Permasalahan yang dikemukakan adalah: Apa yang mandasari pengaturan pengulangan tindak pidana atau recidive dalam KUHP dan bagaimanakah implementasi peraturan perundang-undangan tentang pengulangan tindak pidana (recidive) oleh aparat penegak hukum pada setiap tingkatan?
Tipe penelitian dalam tesis ini adalah tipe penelitian normative dan juga tipe penelitian empiris atau sosioliogis.
Pendekatan dalam tesis ini adalah pendekatan statue approach, conceptual approach dan case approach..
Dari hasil pembahasan dapat disimpulkan bahwa: yang mendasari pengaturan pengulangan tindak pidana (recidive) dalam KUHP, dikarenakan perbuatan yang dilakukan oleh masyarakat Indonesia pada masa kolonial Belanda adalah perbuatan pidana umum.
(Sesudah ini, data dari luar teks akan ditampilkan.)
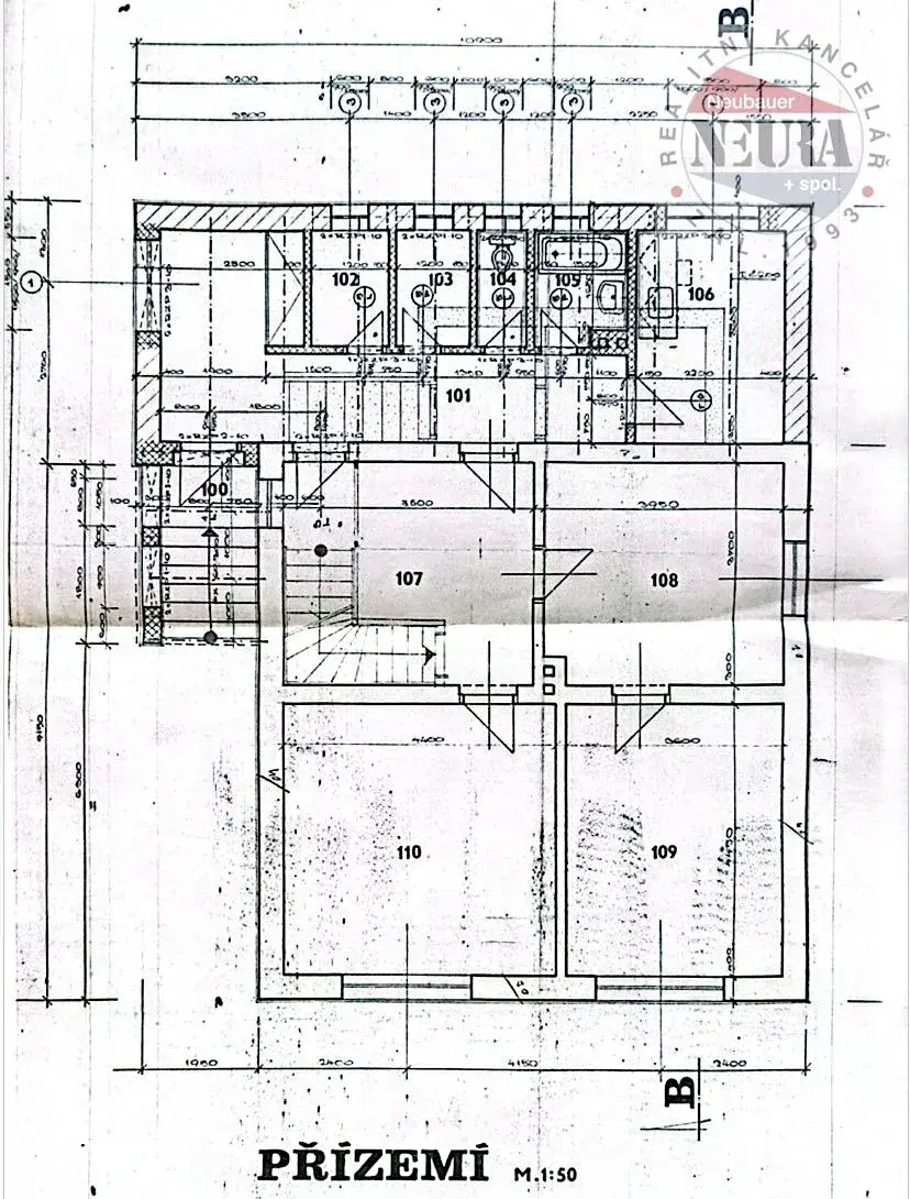 1. patro: byt 3 až 4+kk se samostaným vchodem (obývací pokoj s kuchyňským koutem, dvě ložnice, koupelna s WC a komora),
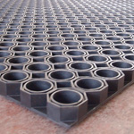 Ring mats have a specially designed anti slip construction with large cylindrical holes and the underside is constructed with a pincushion effect that allows spills to pass through and quickly away from the mat promoting safe, dry traction. The mats have 4 square edges.

Hal ini berlanjut hingga masa pemerintahan Negara Republik Indonesia, dimana seseorang yang melakukan tindak pidana, masih berkisar pada perbuatan yang dilarang oleh KUHP, dan pembentuk KUHP sendiri belum terpikir tentang adanya perbuatan pidana yang diatur secara khusus di luar KUHP.
Bahwa implementasi ketentuan hukuman pengulangan tindak pidana atau recidive dapat berjalan efektif apabila aparat penegak hukum terutama penyidik dan Penuntut Umum bekerja sesuai dengan fakta yang ada serta mau melakukan upaya penelitian atau pelacakan terhadap catatan kriminal tersangka yang ditangananinya, serta tetap berpegang pada akhlak dan moral sebagai penyidik dan Penuntut Umum.